28 Days Later review

:. Director: Danny Boyle
:. Starring: Cillian Murphy, Naomie Harris
:. Running Time: 1:52
:. Year: 2003
:. Country: UK


  


In 28 Days Later, Danny Boyle pays homage to genre films, bringing us to a world devastated by a virus that has transformed humans in flesh-eating zombies. Major cities like London have become a no man's land; we follow a group of survivors in their odyssey, searching for the last stronghold of civilization.

Shot in DV, 28 Days Later is based on an Alex Garland novel and openly quotes major fares of the genre, from George Romero's films to Escape from New York. Garland has injected the basic narrative with metaphors, the virus is compared through different scenes—particularly the opening scene with Benetton ads and the grocery store sequence—to consumerism, which for the writer, has the same frenetic, propagation and zombifying effects on people. In a Rambo-style climax, he also shows that rage and violence are not the result of contamination but inherent to the nature of a human being.

28 Days Later can unexpectedly be echoed in real-life with the current SARS syndrome, which is even more pathetic for human beings: in the picture, the virus originates from monkeys biting people, in the real world, it's humans eating dogs who are the source of the breakout...

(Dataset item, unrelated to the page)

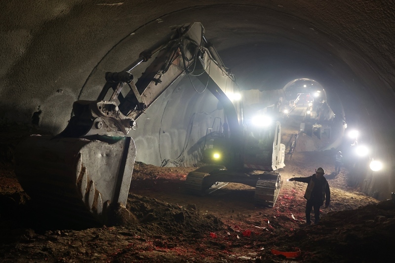 6月29日,工人在已經(jīng)貫通的西成鐵路西科隧道內(nèi)施工。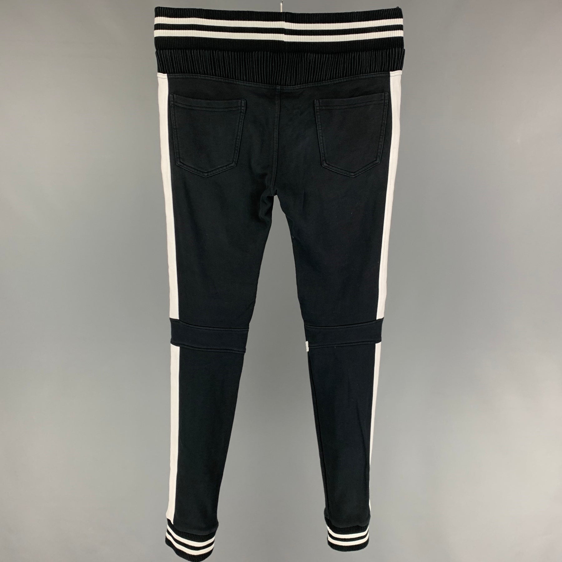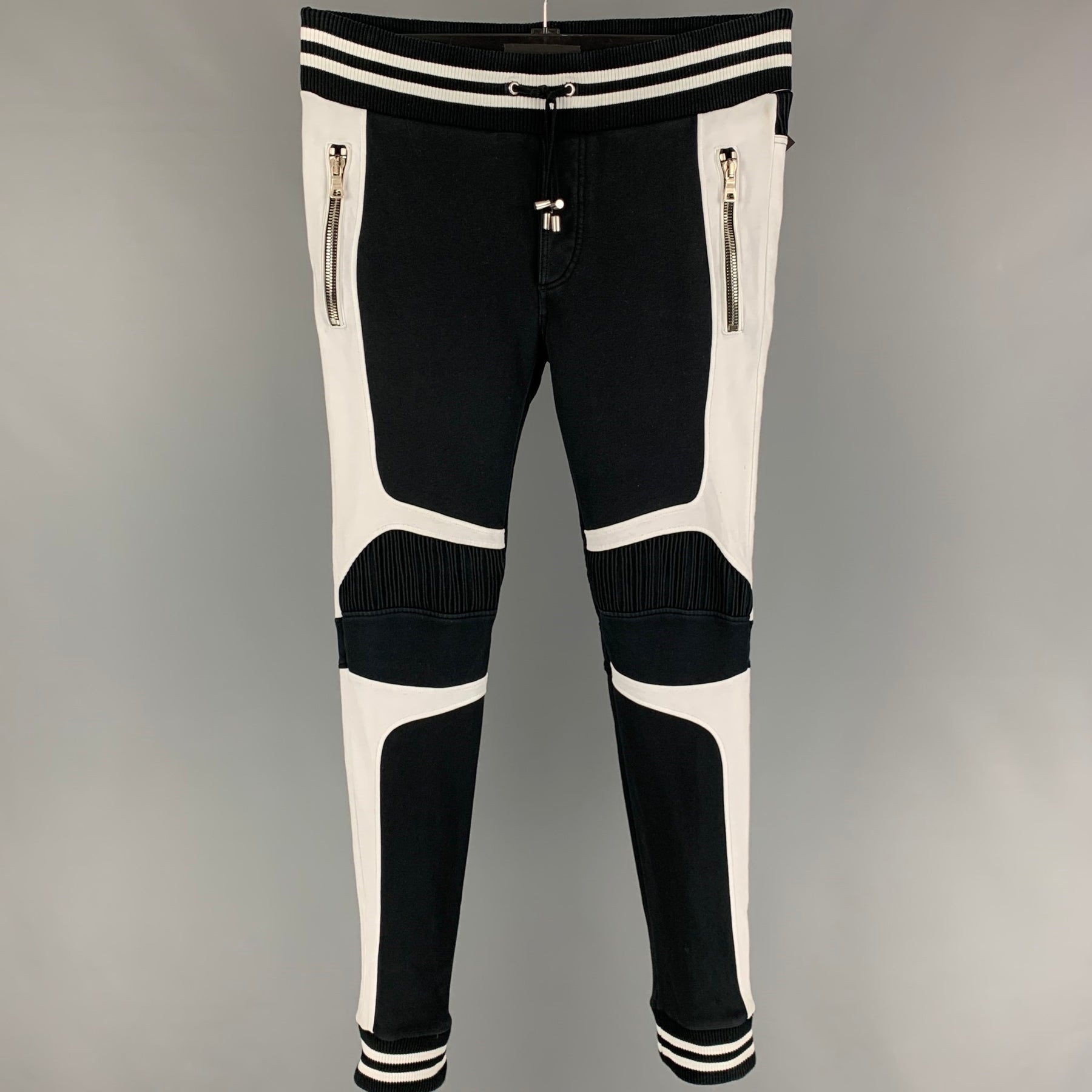BALMAIN Size M Black White Ribbed Cotton Joggers Pants

While Digital Video brings some sense of urgency to the movie, fairly effective in a couple of zombie attacks, the film never manages to build the pressure and convey the loneliness of that deserted world. The soundtrack, usually so important in Boyle's films, is misused here, often building tension for scenes that end up falling flat.

While 28 Days Later is certainly fun and doesn't take itself seriously, this is an underachievement for Boyle, whose work was so promising after the release of Trainspotting. Trying to get back to his indie European roots after two Hollywood pictures (The Beach, A Life Less Ordinary), Boyle plays it safe and avoids building on the premise of Trainspotting.

Last year's main British entry in genre cinema, Dog Soldiers, was undoubtedly a better achievement than 28 Days Later, simply because we were not expecting anything else from a lesser known filmmaker, other than spending some quality time with toothy werewolves. But Boyle never dares to go beyond the routine of the sub-genre which he properly obeys, unlike a filmmaker like Quentin Tarantino who bends the rules and reinvents sub-genres by updating them with today's pop culture, social themes and cinema tends. There is low risk of severe contamination here.